*** EXTRACTED ENTRIES Section Begins ***
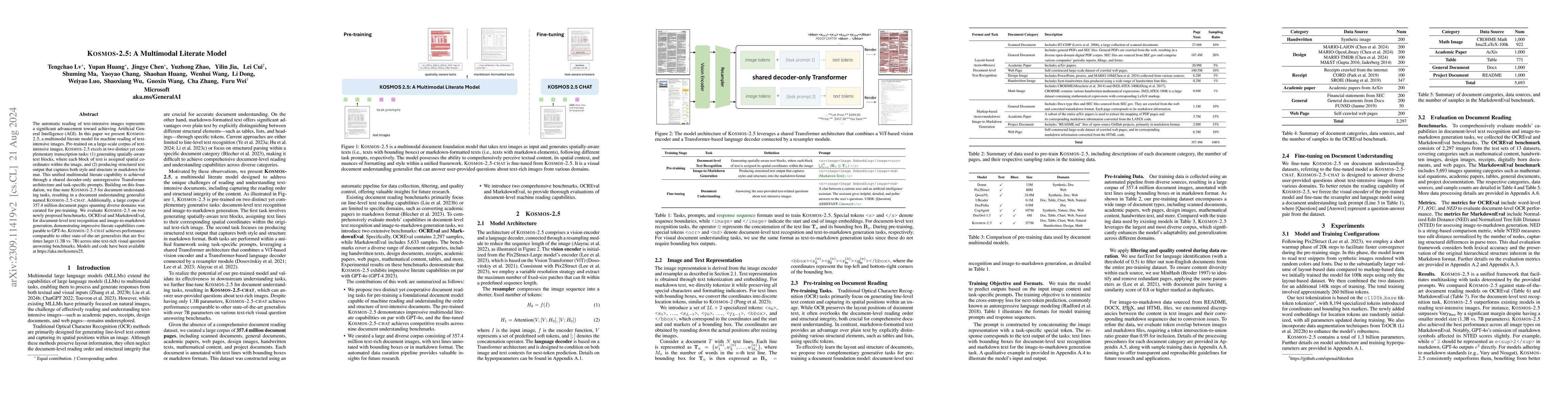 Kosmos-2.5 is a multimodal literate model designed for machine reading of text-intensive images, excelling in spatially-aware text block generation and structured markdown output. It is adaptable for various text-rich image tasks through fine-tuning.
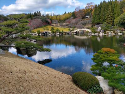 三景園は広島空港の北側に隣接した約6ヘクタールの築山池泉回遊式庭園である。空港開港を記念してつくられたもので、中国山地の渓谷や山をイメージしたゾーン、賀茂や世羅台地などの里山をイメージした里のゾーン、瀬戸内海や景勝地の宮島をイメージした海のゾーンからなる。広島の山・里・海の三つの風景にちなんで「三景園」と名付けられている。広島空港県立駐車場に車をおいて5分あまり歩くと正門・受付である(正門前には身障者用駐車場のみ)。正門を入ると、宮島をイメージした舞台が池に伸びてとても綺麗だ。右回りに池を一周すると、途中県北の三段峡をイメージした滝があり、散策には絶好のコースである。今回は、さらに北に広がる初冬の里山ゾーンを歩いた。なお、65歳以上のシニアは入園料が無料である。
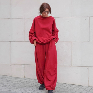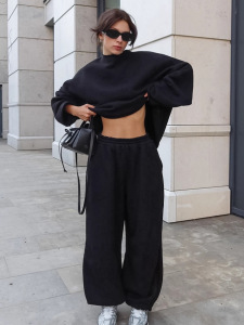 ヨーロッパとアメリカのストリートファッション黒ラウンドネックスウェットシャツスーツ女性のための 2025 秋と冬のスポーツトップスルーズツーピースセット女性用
*** EXTRACTED ENTRIES Section Ends ***
*** EXTRACTED ENTRIES Section Begins ***
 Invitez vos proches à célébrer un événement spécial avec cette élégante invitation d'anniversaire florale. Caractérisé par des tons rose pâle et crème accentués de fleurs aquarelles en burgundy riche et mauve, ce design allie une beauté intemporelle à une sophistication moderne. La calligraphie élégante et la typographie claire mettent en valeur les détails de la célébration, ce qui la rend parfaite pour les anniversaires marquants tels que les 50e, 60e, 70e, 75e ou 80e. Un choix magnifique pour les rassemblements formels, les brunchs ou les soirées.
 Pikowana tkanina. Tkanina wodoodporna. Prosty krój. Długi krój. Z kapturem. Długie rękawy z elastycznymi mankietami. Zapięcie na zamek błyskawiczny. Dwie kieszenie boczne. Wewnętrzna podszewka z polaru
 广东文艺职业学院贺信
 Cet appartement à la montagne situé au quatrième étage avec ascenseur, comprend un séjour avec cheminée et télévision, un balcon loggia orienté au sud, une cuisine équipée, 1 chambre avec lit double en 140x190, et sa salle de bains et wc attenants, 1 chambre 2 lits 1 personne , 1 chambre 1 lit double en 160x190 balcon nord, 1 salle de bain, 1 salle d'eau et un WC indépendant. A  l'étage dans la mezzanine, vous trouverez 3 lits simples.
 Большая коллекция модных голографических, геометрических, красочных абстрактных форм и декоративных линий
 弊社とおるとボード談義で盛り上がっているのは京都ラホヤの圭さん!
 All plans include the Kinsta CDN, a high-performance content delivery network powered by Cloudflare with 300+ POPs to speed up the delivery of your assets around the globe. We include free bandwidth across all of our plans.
*** EXTRACTED ENTRIES Section Ends ***
Could you repeat exactly the lines in the listing above from the one with "弊社とおるとボード談義で盛り上がっているのは京都ラホヤの圭さん!" down to the one with "All plans include"? Include both of those lines.

**EXERCISE ANSWER:**
 弊社とおるとボード談義で盛り上がっているのは京都ラホヤの圭さん!
 All plans include the Kinsta CDN, a high-performance content delivery network powered by Cloudflare with 300+ POPs to speed up the delivery of your assets around the globe. We include free bandwidth across all of our plans.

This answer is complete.